TASK OBJECTIVE => Beginning at the line containing "女子向けラノベタイトル風あだ名 | 『(仮)すがいあやののやんごとなき事情』 |", repeat each line below exactly up to and including the line containing "Introducing the Jet". Do not repeat the pictures.

SUPPLIED DATA =>
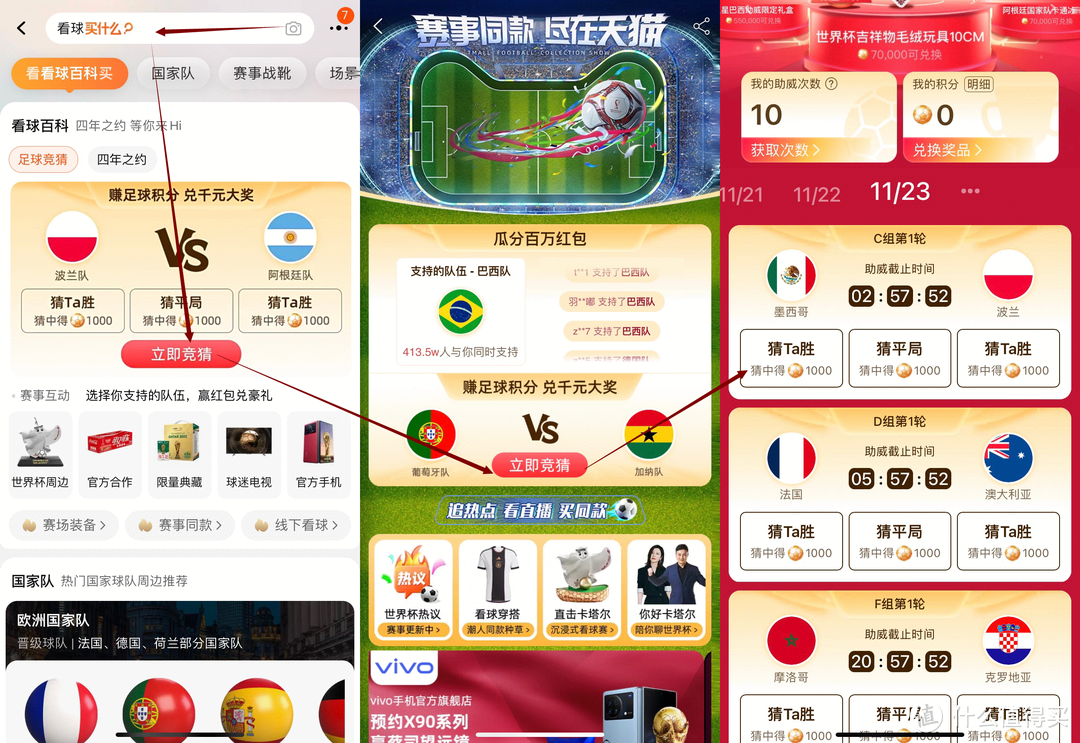 路径:打开淘宝app——搜索看球买什么——点击立即竞猜——点击立即竞猜,进入竞猜界面。每天有10次助威机会,做任务可以获得更多助威机会。助威的球队获胜后可以的得到积分,积分可以用来兑换实物商品。
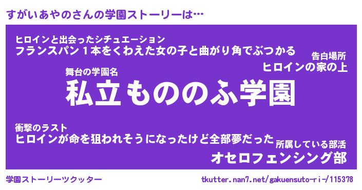 | 女子向けラノベタイトル風あだ名 | 『(仮)すがいあやののやんごとなき事情』 |
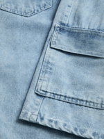 Introducing the Jet Older Boys Light Wash Pocket Jort! Made of durable denim material, these stylish shorts feature multiple pockets for all your essentials.
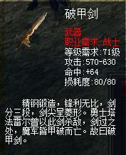 名称:破甲剑;职业需求:战士;类别:武器;等级需求:71级;精钢锻造,魔域单机程序锋利无比,剑分三段剑尖呈菱形。勇士塔法雷尔曾以此剑杀敌,剑过之处,魔军皆破甲而亡,故曰破甲剑。这把剑也是颇具来历呀!勇士塔法雷尔杀敌所用之剑,曾经也是令魔兵闻风丧胆!
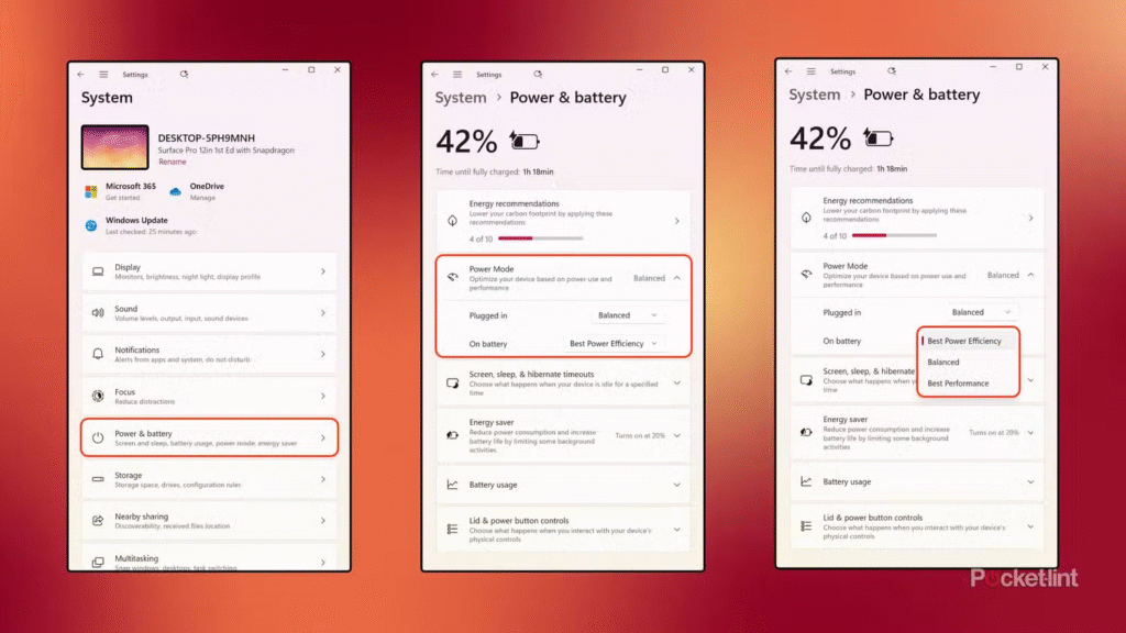 Ngay khi xuất xưởng, các nhà sản xuất phần cứng có thể cấu hình PC của họ mặc định ở bất kỳ cấu hình năng lượng nào họ thấy phù hợp. Hầu hết máy tính xách tay chạy Windows 11 đều được mặc định đặt Chế độ Năng lượng Khi dùng pin là Balanced, nhưng hiệu suất của từng máy có thể khác nhau. Ví dụ, chiếc Surface Pro 12 inch của tôi đã được đặt ở Best Power Efficiency  nhất khi tôi thiết lập lần đầu tiên.
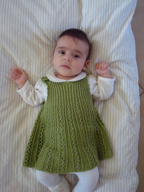 Wouldn’t you like to dress up your baby girl in eye-catching colors, like this one by ppistachio, which resembles a lace design? But it is a knitted pattern along with bloomers.
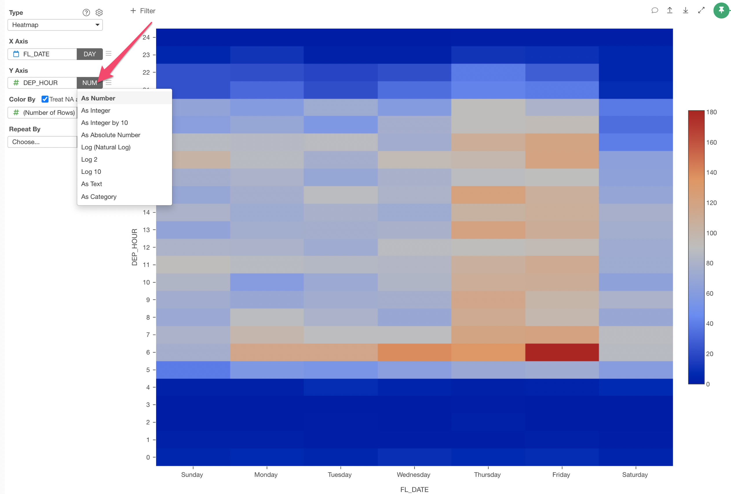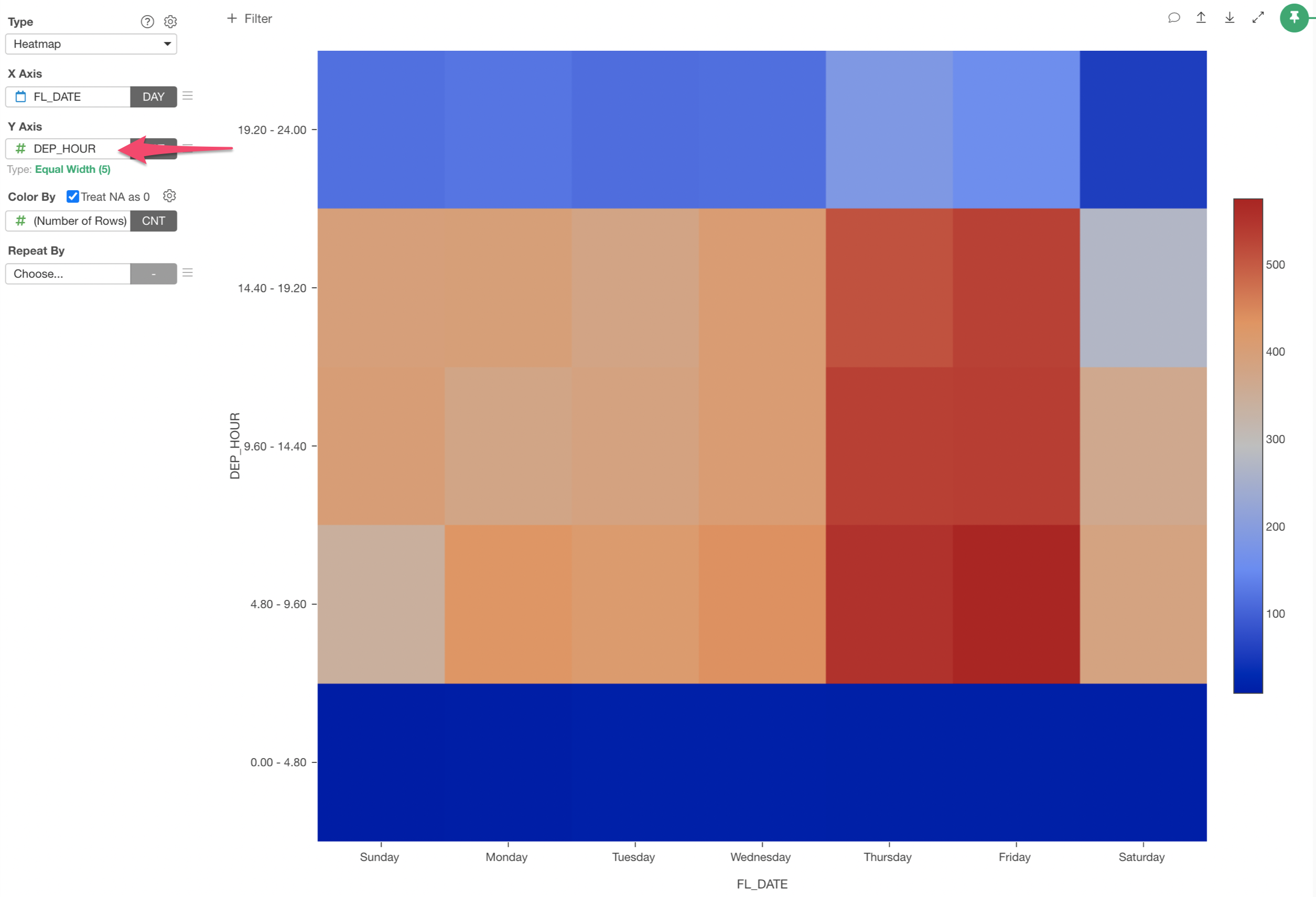 In this example, we'll keep the Value to be the default 'Number of Rows' because we wanted to show the number of flights for each section of the Day of Week and Hour.
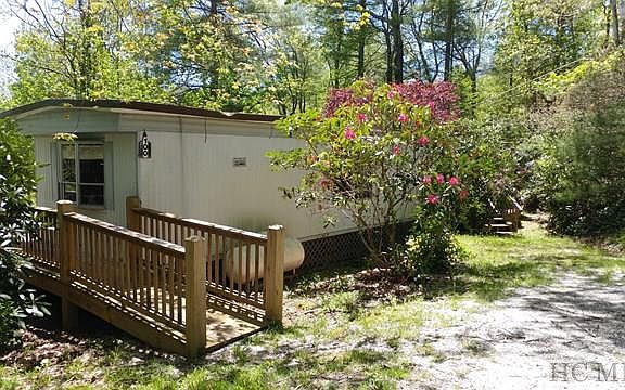 Close-to-town mobile home tucked away on pretty .48 acre at end of road. Nice deck over lush private yard. 2 BR/1 Bath with public water. Septic has been inspected and is good. Mobile home can be replaced one time per Town of Highlands statute. It would be hard to find another place in Highlands city limits for this price.
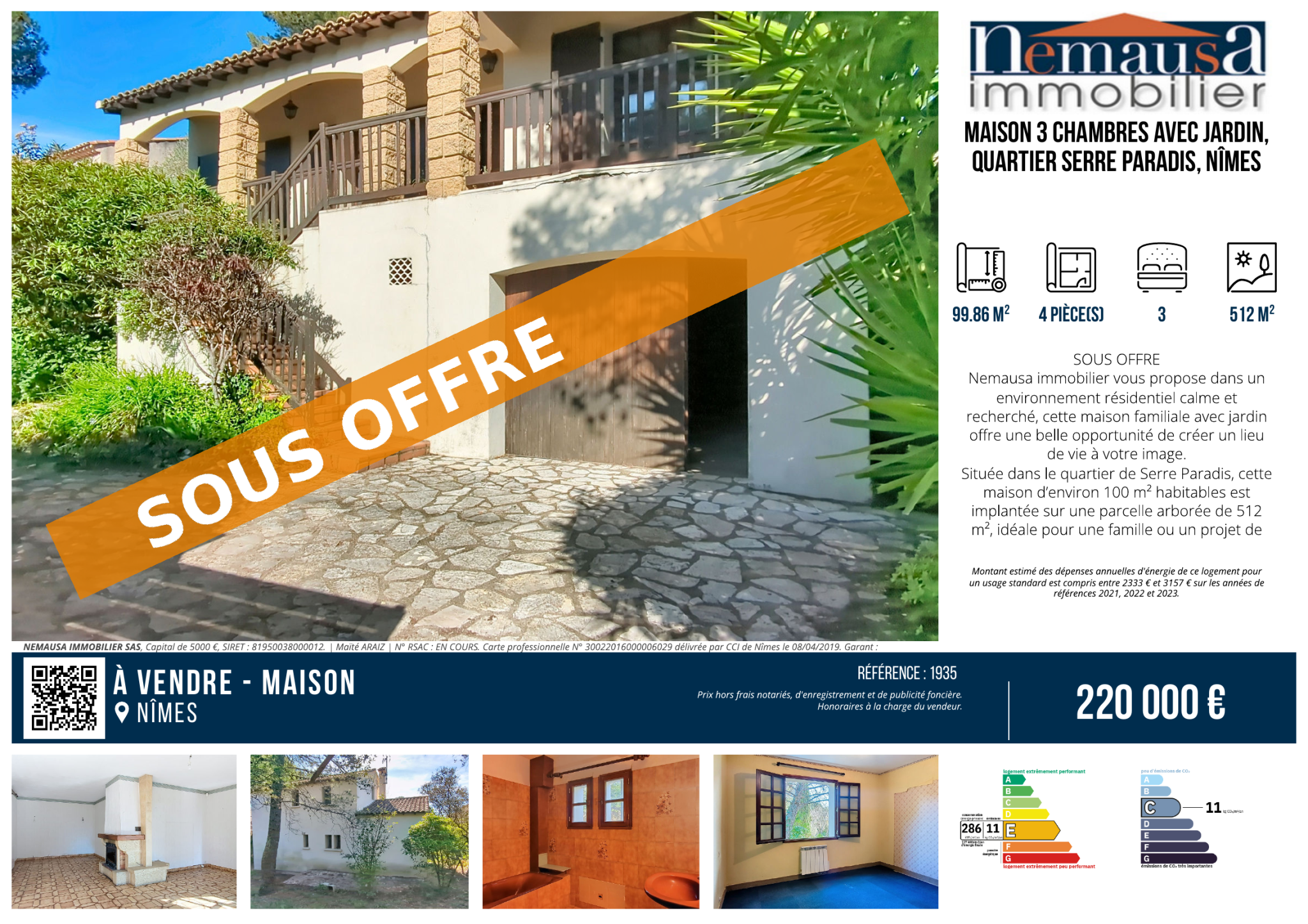 Située dans le quartier de Serre Paradis, cette maison d’environ 100 m2 habitables est implantée sur une parcelle arborée de 512 m2, idéale pour une famille ou un projet de rénovation personnalisé.

REPLY =>
 | 女子向けラノベタイトル風あだ名 | 『(仮)すがいあやののやんごとなき事情』 |
 Introducing the Jet Older Boys Light Wash Pocket Jort! Made of durable denim material, these stylish shorts feature multiple pockets for all your essentials.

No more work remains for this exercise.